La Gazette de la grande ile

Hery Rajaonarimampianina: Quinze fois en une minute !

Publié le 20 décembre 2017

Quel est le mot ou expression prononcé quinze fois en une minute par Hery Rajaonarimampianina ? Lors de son discours de Mahaboboka (district de Sakaraha) où il a inauguré des panneaux solaires, voici la réponse : « filoham-pirenena », c’est-à-dire chef de l’Etat. D’entrée de jeu en effet, l’homme a vanté ses mérites personnels dans des énumérations comme : « Le chef de l’Etat se désole quand vous êtes confrontés à une vie difficile, le chef de l’Etat vient vous écouter etc. ». De toute évidence, Hery Rajaonarimampianina connaît les subtilités de l’art oratoire et utilise la narration à la troisième personne, plutôt que le « je » ou le « nous ». De cette manière, il prend ses distances, fournit un point de vue extérieur et ses affirmations deviennent plus crédibles.

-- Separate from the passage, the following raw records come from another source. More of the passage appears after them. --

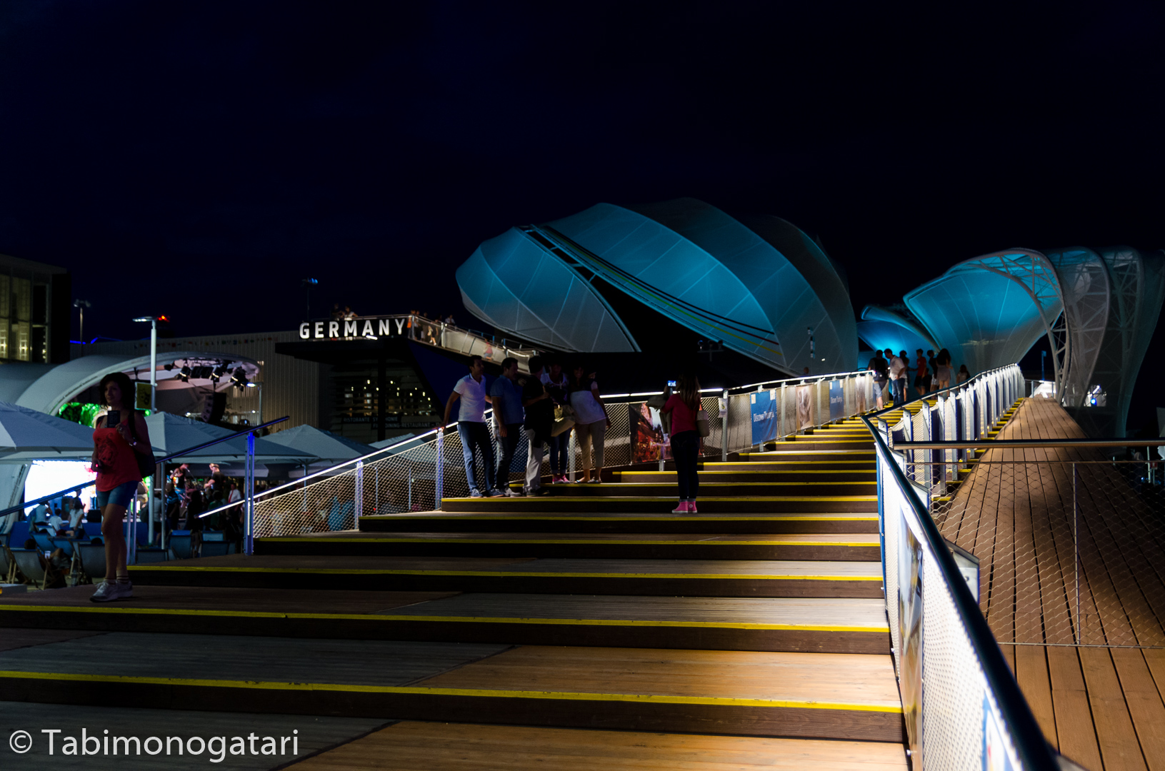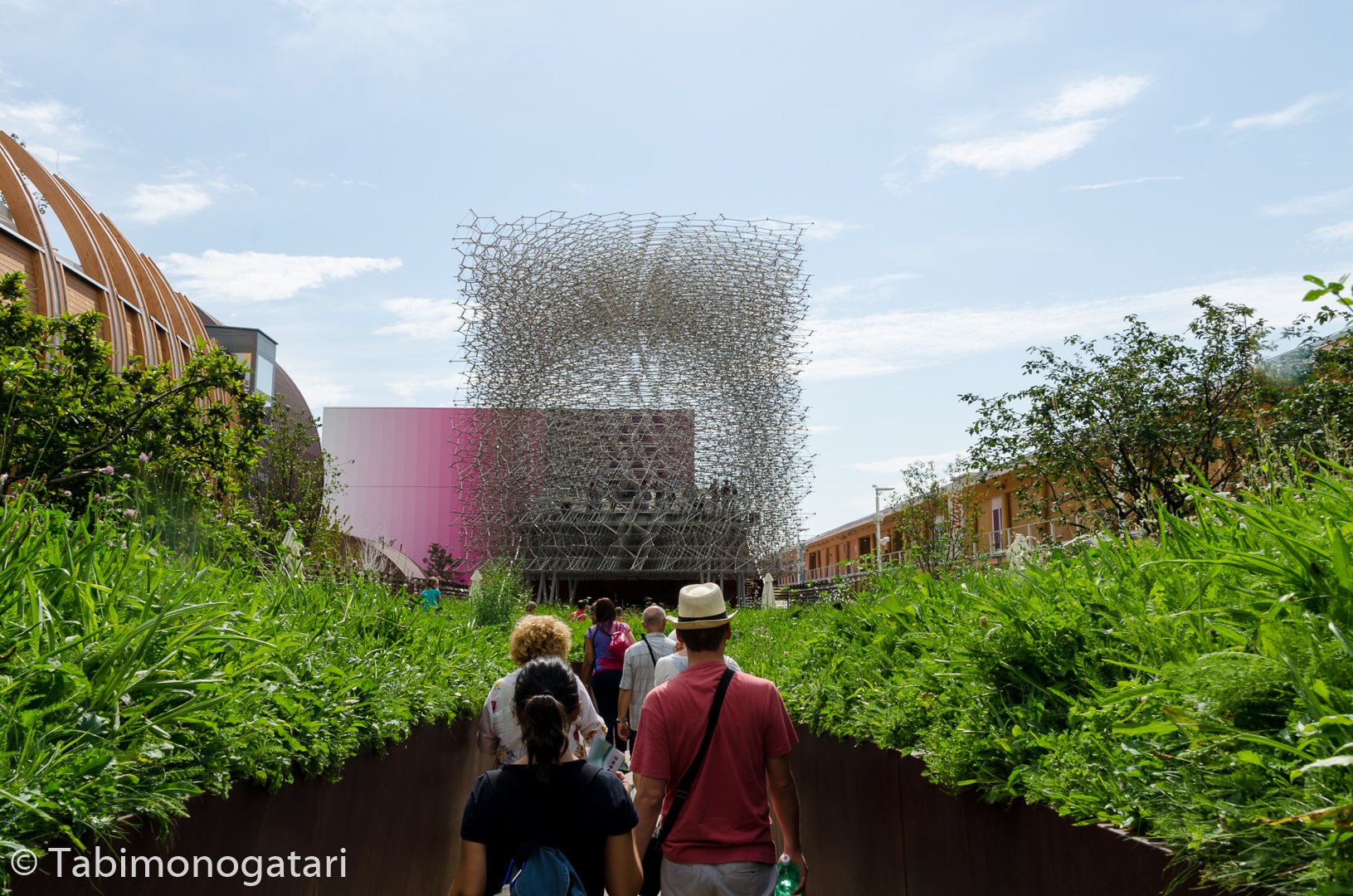 Der koreanische Pavillon war einer der architektonisch auffallendsten. In der Schlange wartete ich geduldig, während Musik vom Popstar PSY aus den Lautsprechern dudelte. Die (Süd)koreaner sehen die Lösung der Welternährung in ihrer eigenen Essenskultur. In dieser steht die Haltbarmachung durch Fermentation und Einlegen im Vordergrund. Auch das bekannte Gericht Kimchi wird so hergestellt. Untermalt wurde das ganze durch Einsatz von moderner Bildschirmtechnologie.
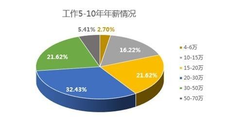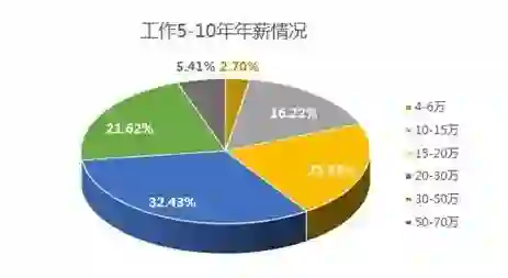 在工作 5-10 年后,只有 2.7% 的程序员年收入低于 6 万。年收入在 15-20 万的程序员占 21.62%,1/3 的程序员年收入在 20-30 万之间,超过1/5的程序员年收入在 30-50 万之间。年收入在 50-70 万的程序员占 5.41%。
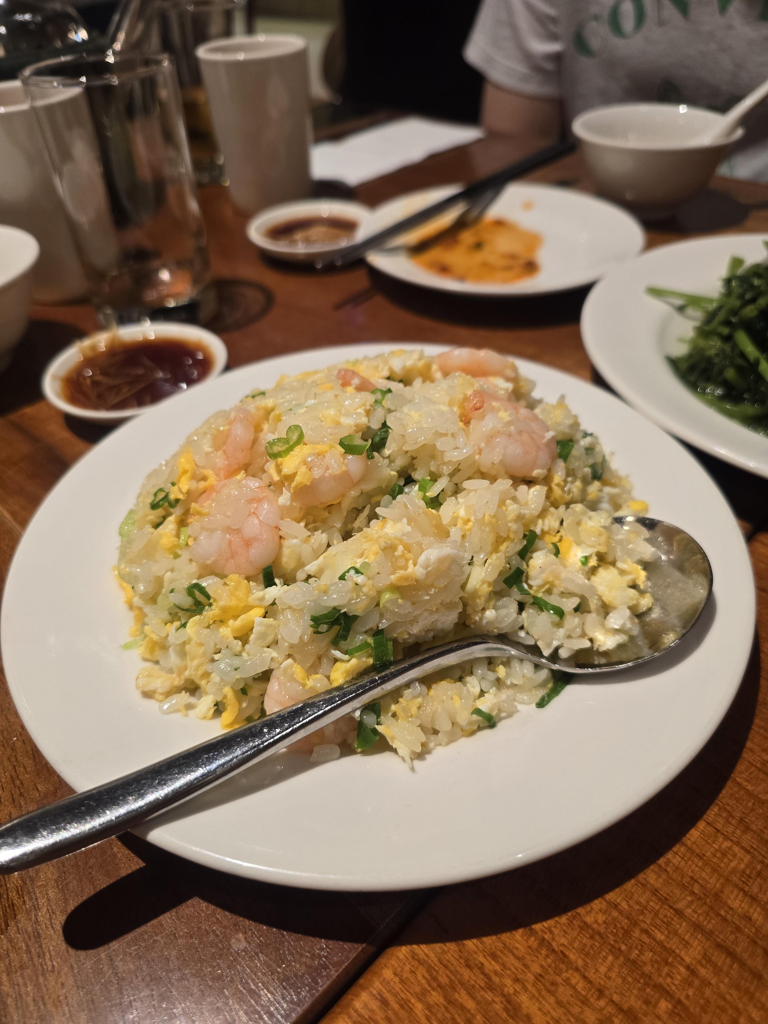 새우볶음밥. 기름기가 적은 평범한 볶음밥맛. 식사용으로 충분히 좋다.
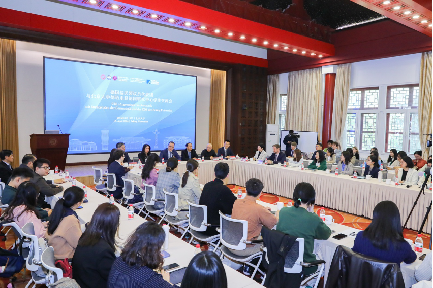 2024年4月15日,德国联邦议会议员、基民盟-基社盟议会党团副主席、联邦卫生部原部长延斯·施潘(Jens Spahn),联邦议会议员居乐(Serap Güler)率德国联邦议会基民盟议员代表团访问北京大学。北京大学党委书记、校务委员会主任郝平,校长、中国科学院院士龚旗煌分别会见代表团一行。中国德国友好协会会长、中国驻德前大使史明德,中国人民对外友好协会欧亚部副主任吕宏伟等陪同代表团来访,北京大学党委常委、副校长方方,爱体育网页版党委书记李淑静等陪同会见。爱体育网页版德语系、北京大学德国研究中心组织近四十名来自各个年级的优秀学生代表,与施潘一行交流座谈。德国研究中心主任黄燎宇、德语系主任胡蔚参与交流活动。活动由德语系副主任毛明超主持。
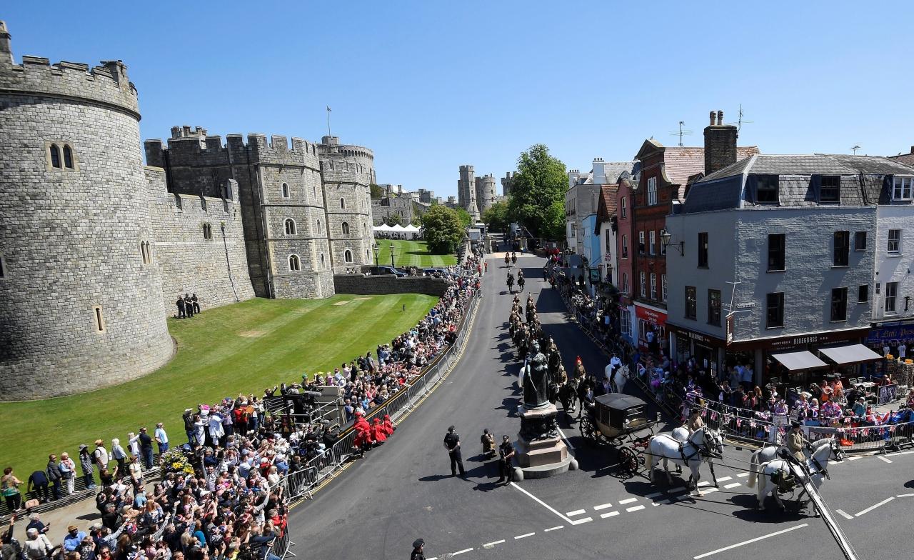 เวลา 13.00 น. ภายหลังเสร็จพิธีในโบสถ์แล้ว คู่บ่าวสาวจะประทับบนรถม้า แอสคอต แลนเดา เสด็จพระดำเนินรอบพระราชวังวินด์เซอร์ โดยขบวนรถม้าของคู่บ่าวสาวจะผ่านใจกลางเมืองวินด์เซอร์ เพื่อให้ผู้มารอชมพิธีหลายพันคนได้ชื่นชม ซึ่งคาดว่าจะใช้เวลาประมาณ 25-30 นาที ก่อนขบวนรถม้าพระที่นั่งของคู่บ่าวสาวจะกลับเข้าไปในพระราชวังวินด์เซอร์อีกครั้ง
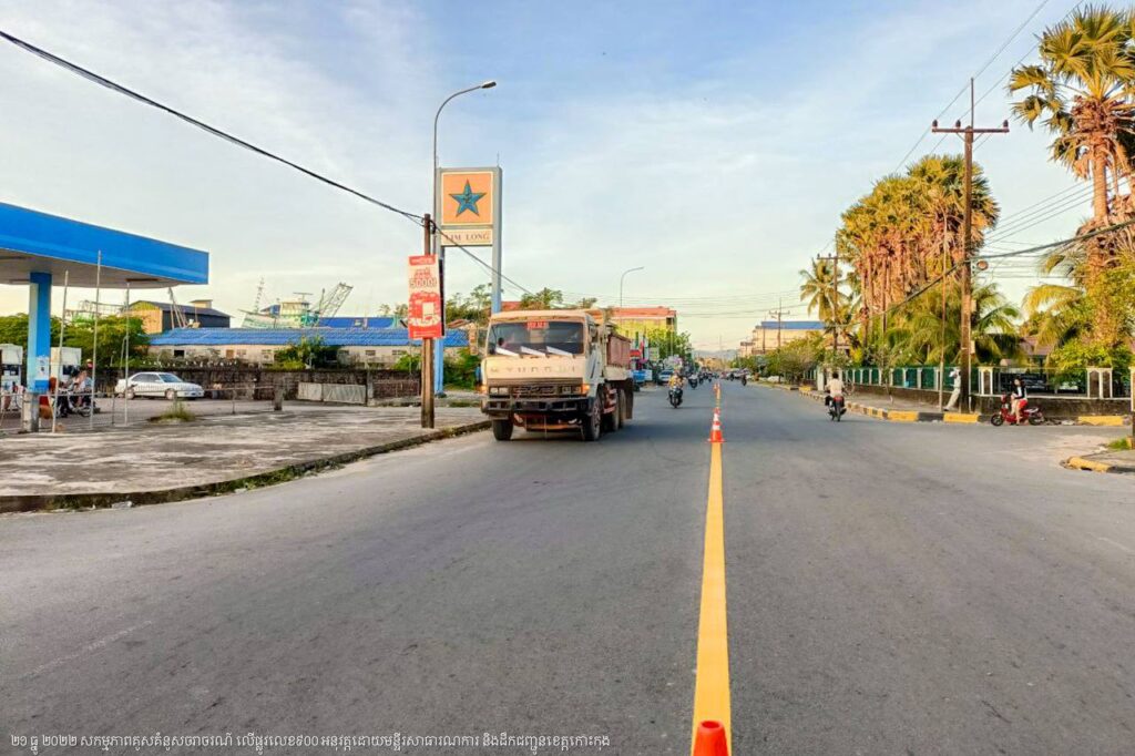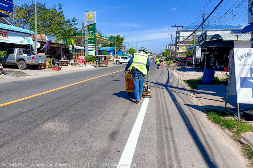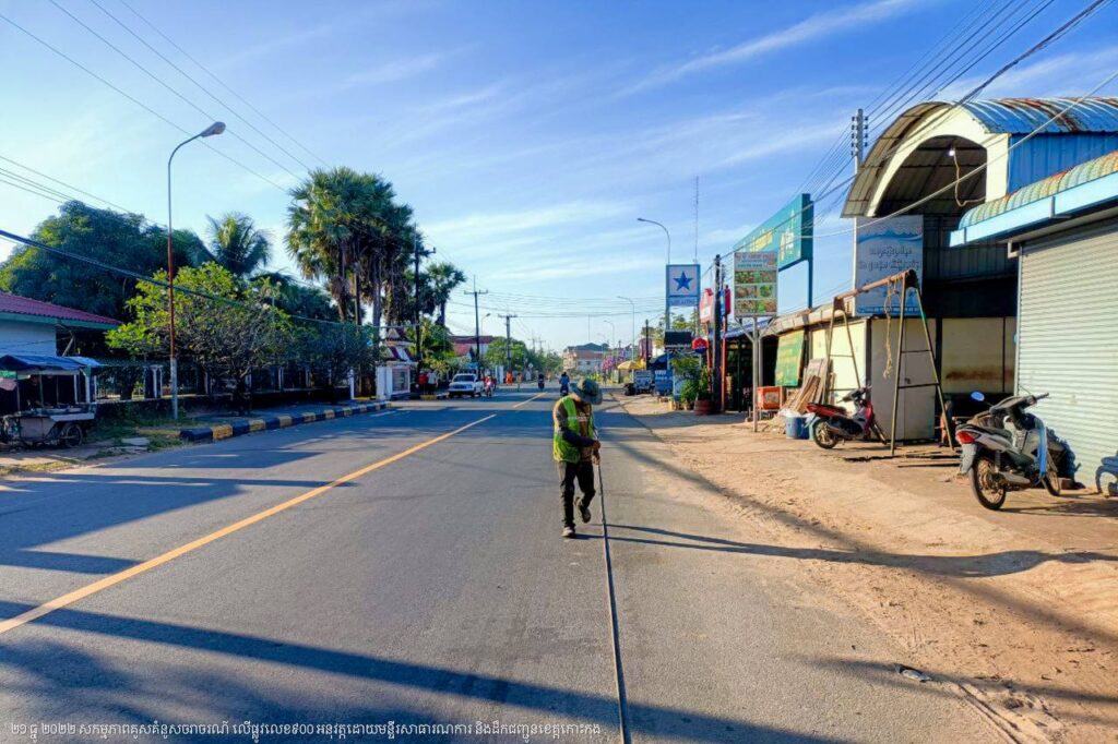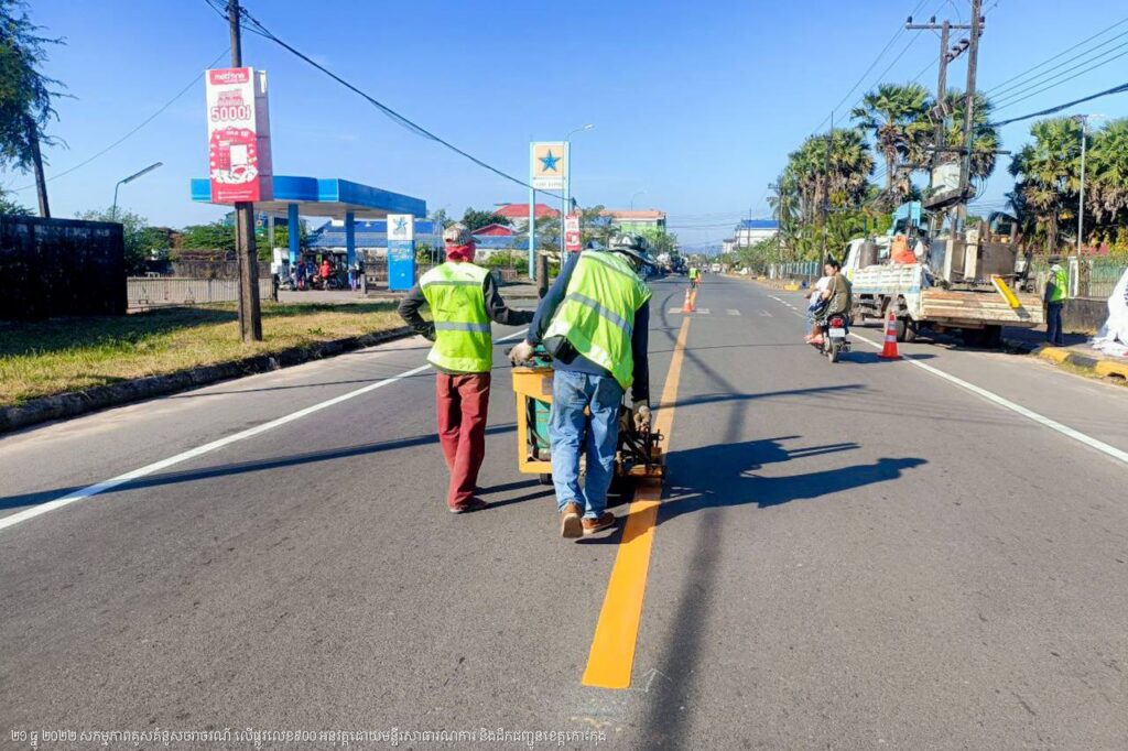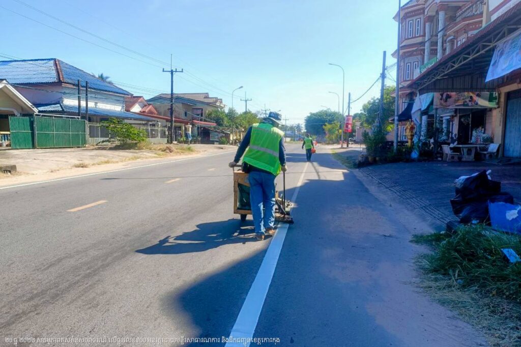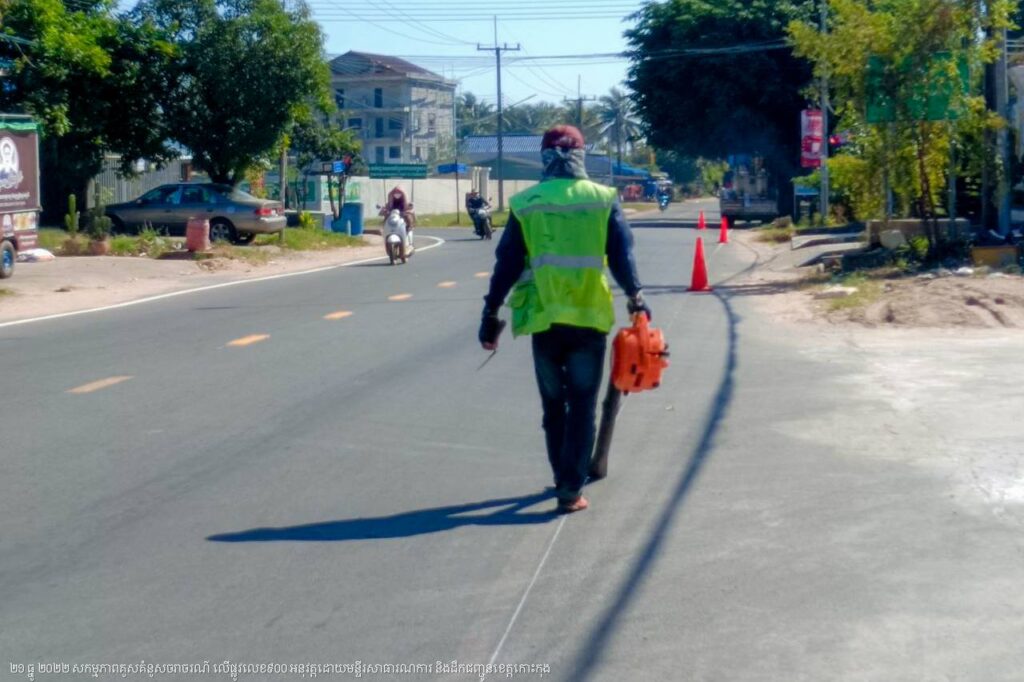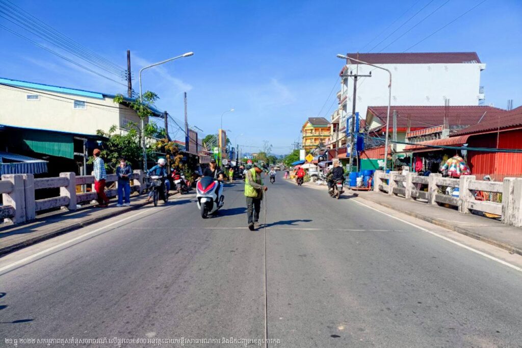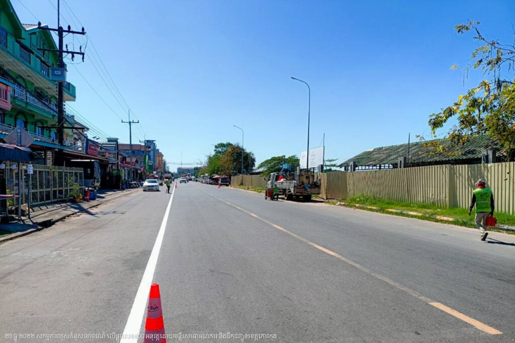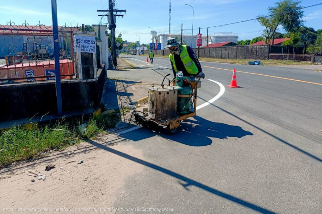 មន្ទីរសាធារណការ និងដឹកជញ្ជូនខេត្តកោះកុង បន្តការងារគូសគំនូសសញ្ញាចរាចរណ៍លើផ្លូវលេខ៩០០ ក្នុងក្រុងខេមរភូមិន្ទ

Effectivement, on croît plus volontiers le spectateur qui rapporte un fait que l’acteur qui a tendance à enjoliver.

On a affaire en tout cas à un chef d’Etat particulièrement attaché à son poste, même s’il n’en fait pas le meilleur usage. Pour cette raison, il est le premier chef d’Etat à modifier l’article de la Constitution sur la démission du président en place qui se porte candidat à la présidentielle. Cette disposition a été insérée dans la Constitution de 1993, après la chute de la Révolution socialiste, pour que le candidat d’Etat n’exploite pas son pouvoir pour influencer le vote. Hery Rajaonarimampianina est le premier à vouloir annuler cet acquis du « processus démocratique ». L’homme veut par exemple que dès le lendemain du second tour, le chef d’Etat qui a démissionné retrouve son poste. De cette façon, il peut agir sur l’administration ou les instances de la Ceni qui collectent les résultats. Il peut aussi peser sur la Hcc qui proclame les résultats officiels, d’autant que cette instance est présidée par son ami intime. Il peut enfin donner des ordres à l’Armée, dirigée par un autre ami intime, de réprimer les manifs qui contestent les résultats, et conduire  personnellement les opérations visant à étouffer ces mouvements. Notons en effet que si c’est le président du Sénat qui le remplace jusqu’à l’investiture, l’Armée refusera (comme sous la transition) de servir un chef d’Etat intérimaire qui n’a pas été élu. Hery Rajaonarimampianina veut certainement superviser directement la répression, comme il l’a fait en quatre ans contre les rassemblements de l’opposition dans la capitale. Bref, un homme qui voue une telle passion pour son poste ne le lâchera pas facilement, et usera de tous les moyens même contraires à la démocratie pour le conserver.